161B. Molecular characterization and expression analysis of teflon, a gene required for autosomal bivalent adhesion in meiosis I in males.

Program Nr: 161B

Molecular characterization and expression analysis of teflon, a gene required for autosomal bivalent adhesion in meiosis I in males. J.E. Tomkiel , A. Briscoe Jr. Ctr Molec Medicine & Genetics, Wayne State Univ, Detroit, MI.
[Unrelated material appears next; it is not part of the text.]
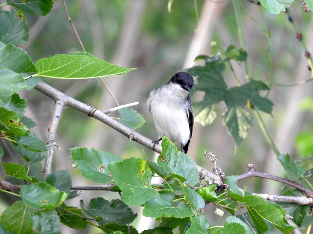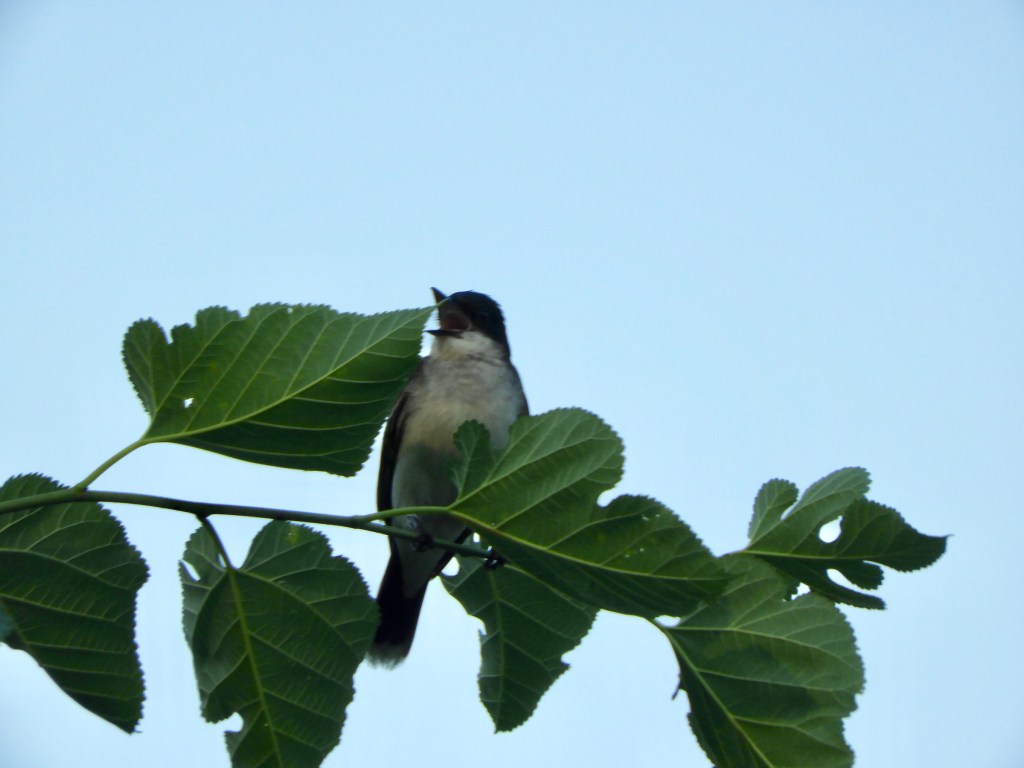 Eastern Kingbirds frequently vocalize in a high pitch metallic voice. On the Peninsula in Inwood, the bird finds itself in competition with Northern Mockingbirds as well as a Song Sparrow that has commanded a tree facing the Harlem River. The birds seem to have worked out an agreement.

In recombination-proficient organisms, paired homologues are held together at meiosis I by stabilization of chiasmata by sister chromatid cohesion proteins (cohesins). Male Drosophila, however, lack cross-overs and therefore must have evolved a different mechanism for maintaining bivalent integrity. We have shown that the teflon gene product is required for proper adhesion of autosomal bivalents at meiosis I in males. The sex bivalent is unaffected by tef mutations, indicating that there are genetically separable pathways for sex chromosome and autosome homologue adhesion. Here we describe a molecular characterization and expression analysis of the tef gene. Tef protein contains three putative zinc finger domains, one at the amino terminus and two in tandem at the carboxy terminus. Point mutations that disrupt the amino terminal zinc finger or truncate the carboxy terminal zinc finger behave as null alleles, implicating these domains in teflon function. In situ hybridization detects tef mRNA during preblastoderm embryonic stages, but not during later stages. Null alleles exhibit no maternal effect, indicating that tef function is nonessential or redundant during early development. RT-PCR expression analysis indicates that in adult males teflon message is specifically expressed in testis. The tef message is detectable by RT-PCR in can, mia, aly, sa and twine mutant testis, suggesting that it is expressed early in gonial cell development. Based on the similarity of tef zinc fingers to zinc fingers in known transcription factors, and the presence of tef message in transcriptionally quiescent embryonic stages, we propose that Tef protein may act as a negative regulator of transcription. We will report on a preliminary microarray analysis of tef vs. wildtype testis RNA aimed at testing this hypothesis and identifying downstream genes in the tef pathway.